Exercise brief
Print the entries exactly; skip the pictures.

(Source records)
● ● ● ● ● ● ●

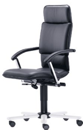
T-C8-A-D1-S aktywne podparcie miednicy regulowana wysokość podłokietników podparcie ramion LW stal, aluminium, kolor biały

Jeśli chodzi o obrotowe krzesła biurowe rodzina siedzisk Collection C jest najlepsza w swojej klasie. Projekt tej serii cechuje się stabilnością. Najlepsze materiały i najwyższej jakości wykonanie sprawiają, że krzesła te są idealnym rozwiązaniem dla kadry zarządzającej. Collection C zapewnia pierwszorzędny komfort siedzenia, dzięki funkcji aktywnego podparcia miednicy. Design: Arno Votteler.
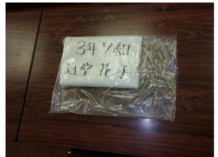
⑦ さらにビニールを用意して中に入れます
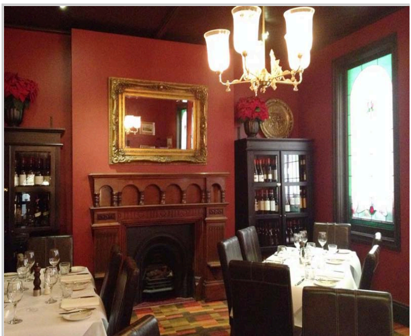
餐廳內部陳設古典
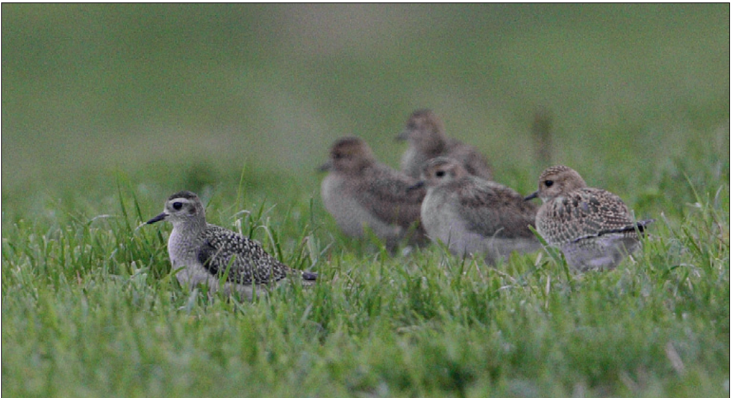
Norges andre ungfugl av kanadalo Pluvialis dominica ble sett ved Gossen, Aukra i Møre og Romsdal i månedsskiftet september-oktober. Legg merke til en betydelig gråere drakt og en tydeligere lys øyenbrynstripe i forhold til de unge heiloene Pluvialis apricaria til høyre.
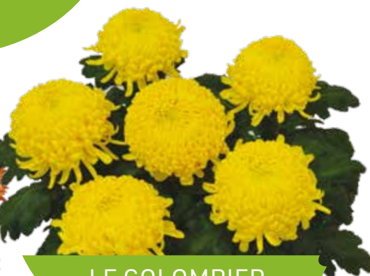
LE COLOMBIER JAUNE®
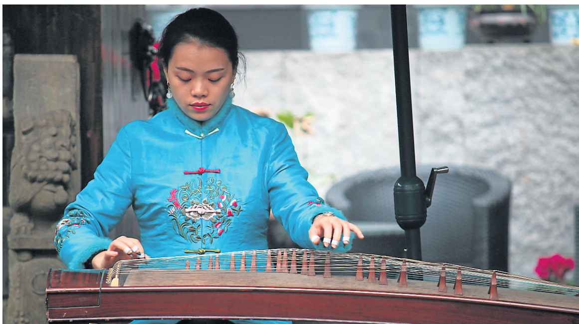
Plusieurs musiciens font la démonstration de leur talent dans la rue Jinli.
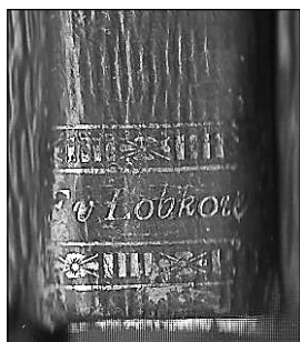
Obrázek č. 3: Ražba na hřbetě adresáře Drážďan z roku 1806.
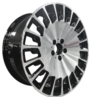
图 3：乘用车改装锻造铝合金轮毂
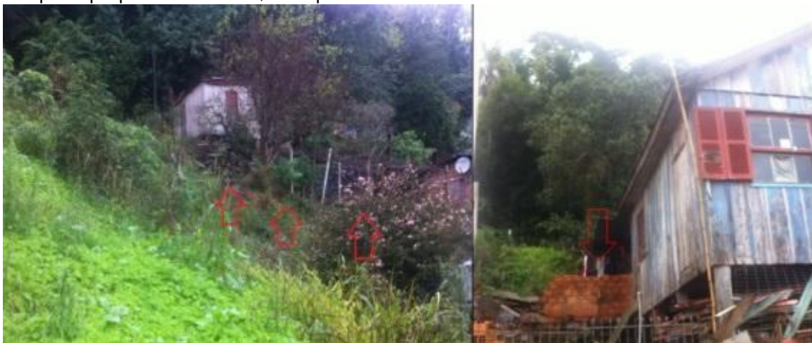
Figura 5 – Construções de muros para conter os sedimentos, notadamente são muros construídos pelos próprios moradores, não apresentando uma estrutura bem consolidada.

Após a análise das áreas de risco presentes dentro da APA foi elaborado o mapeamento da vulnerabilidade da população que reside no local, subsidiando, assim, futuras discussões de ordenamento e planejamento territorial dentro da UC.
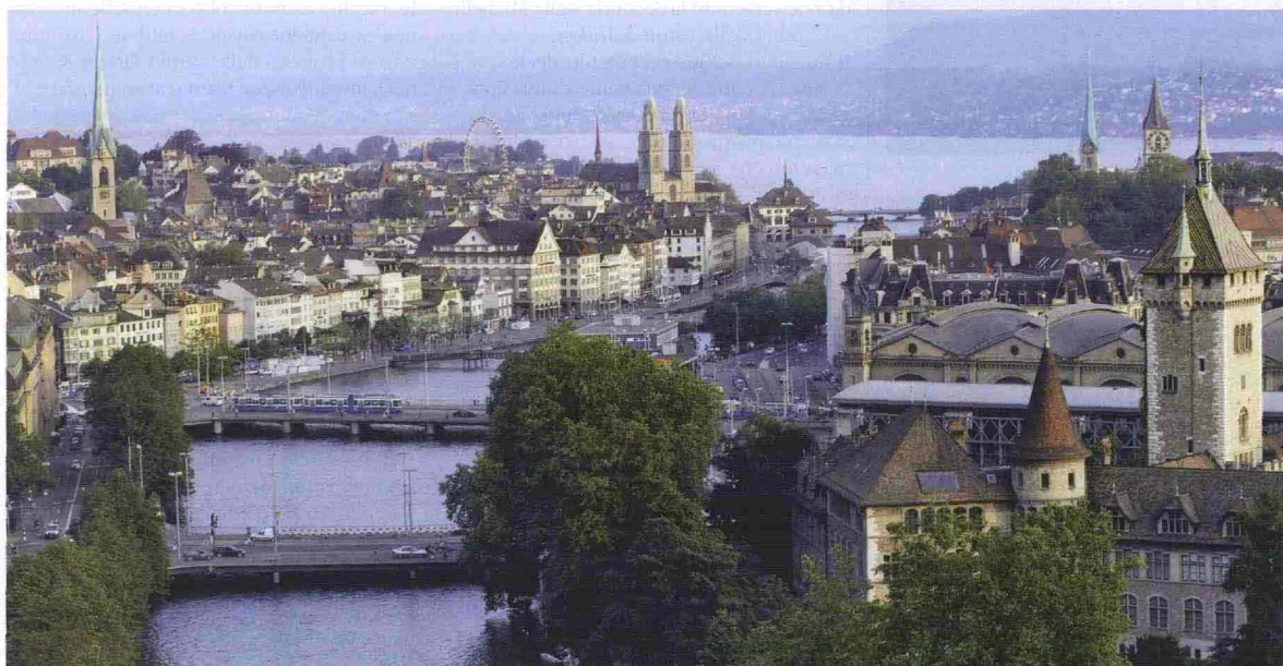
Un panorama di Zurigo, nel punto in cui il fiume Limmat si immette nel lago che porta il nome della città
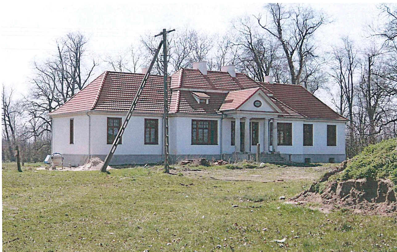
Remonty obiektów zabytkowych

Miasto i Gmina Krośniewice dokona wszelkich starań, by doprowadzić do poprawy stanu obiektów zamieszczanych w gminnej ewidencji zabytków. Istnieje jednak bariera natury prawnej na drodze pozyskiwania środków finansowych na przeprowadzenie remontów, ponieważ ustawa stanowi, że finansowane są prace remontowe obiektów wpisanych do rejestru. Obiekty nie objęte prawną formą ochrony tzw. ewidencjonowane mogą uzyskać dofinansowanie jedynie w przypadku opracowania projektów kompleksowej odnowy ze środków dysponowanych przez Urząd Marszałkowski w Łodzi np. zagospodarowanie turystyczne kolejki wąskotorowej, powrót do tradycji szlacheckich dawnych dworów, ochrona tradycyjnego rzemiosła - młynarstwa, których celem jest wzmocnienie więzi i tożsamości lokalnej, poprzez wykorzystanie walorów turystycznych i kulturowych Miasta i gminy Krośniewice. Miasto i Gmina Krośniewice systematycznie znakuje cenne obiekty zabytkowe.
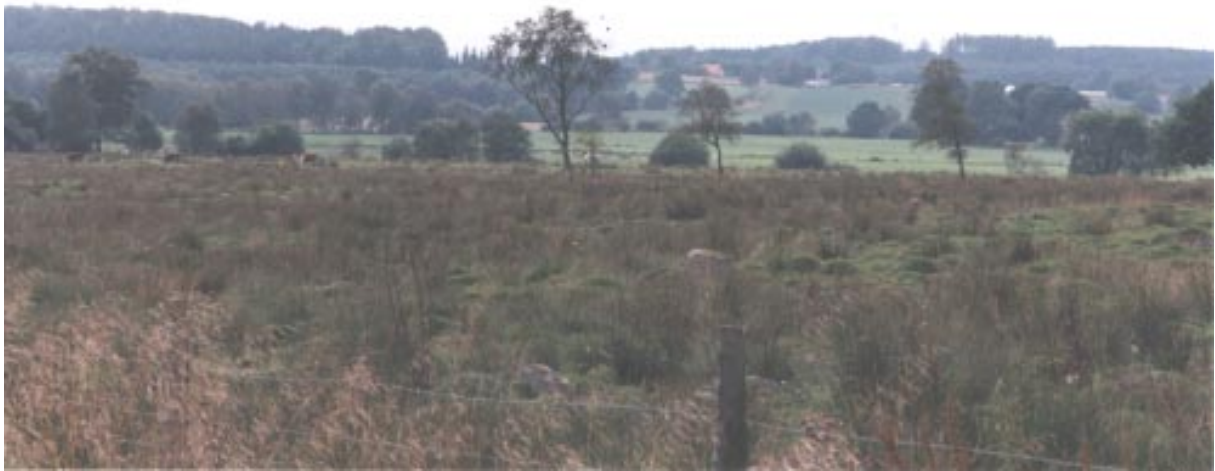
Fuktängar runt Konga ö

● ● ● ● ● ● ●

Your solution
T-C8-A-D1-S aktywne podparcie miednicy regulowana wysokość podłokietników podparcie ramion LW stal, aluminium, kolor biały

Jeśli chodzi o obrotowe krzesła biurowe rodzina siedzisk Collection C jest najlepsza w swojej klasie. Projekt tej serii cechuje się stabilnością. Najlepsze materiały i najwyższej jakości wykonanie sprawiają, że krzesła te są idealnym rozwiązaniem dla kadry zarządzającej. Collection C zapewnia pierwszorzędny komfort siedzenia, dzięki funkcji aktywnego podparcia miednicy. Design: Arno Votteler.
⑦ さらにビニールを用意して中に入れます
餐廳內部陳設古典
Norges andre ungfugl av kanadalo Pluvialis dominica ble sett ved Gossen, Aukra i Møre og Romsdal i månedsskiftet september-oktober. Legg merke til en betydelig gråere drakt og en tydeligere lys øyenbrynstripe i forhold til de unge heiloene Pluvialis apricaria til høyre.
LE COLOMBIER JAUNE®
Plusieurs musiciens font la démonstration de leur talent dans la rue Jinli.
Obrázek č. 3: Ražba na hřbetě adresáře Drážďan z roku 1806.
图 3：乘用车改装锻造铝合金轮毂
Figura 5 – Construções de muros para conter os sedimentos, notadamente são muros construídos pelos próprios moradores, não apresentando uma estrutura bem consolidada.

Após a análise das áreas de risco presentes dentro da APA foi elaborado o mapeamento da vulnerabilidade da população que reside no local, subsidiando, assim, futuras discussões de ordenamento e planejamento territorial dentro da UC.
Un panorama di Zurigo, nel punto in cui il fiume Limmat si immette nel lago che porta il nome della città
Remonty obiektów zabytkowych

Miasto i Gmina Krośniewice dokona wszelkich starań, by doprowadzić do poprawy stanu obiektów zamieszczanych w gminnej ewidencji zabytków. Istnieje jednak bariera natury prawnej na drodze pozyskiwania środków finansowych na przeprowadzenie remontów, ponieważ ustawa stanowi, że finansowane są prace remontowe obiektów wpisanych do rejestru. Obiekty nie objęte prawną formą ochrony tzw. ewidencjonowane mogą uzyskać dofinansowanie jedynie w przypadku opracowania projektów kompleksowej odnowy ze środków dysponowanych przez Urząd Marszałkowski w Łodzi np. zagospodarowanie turystyczne kolejki wąskotorowej, powrót do tradycji szlacheckich dawnych dworów, ochrona tradycyjnego rzemiosła - młynarstwa, których celem jest wzmocnienie więzi i tożsamości lokalnej, poprzez wykorzystanie walorów turystycznych i kulturowych Miasta i gminy Krośniewice. Miasto i Gmina Krośniewice systematycznie znakuje cenne obiekty zabytkowe.
Fuktängar runt Konga ö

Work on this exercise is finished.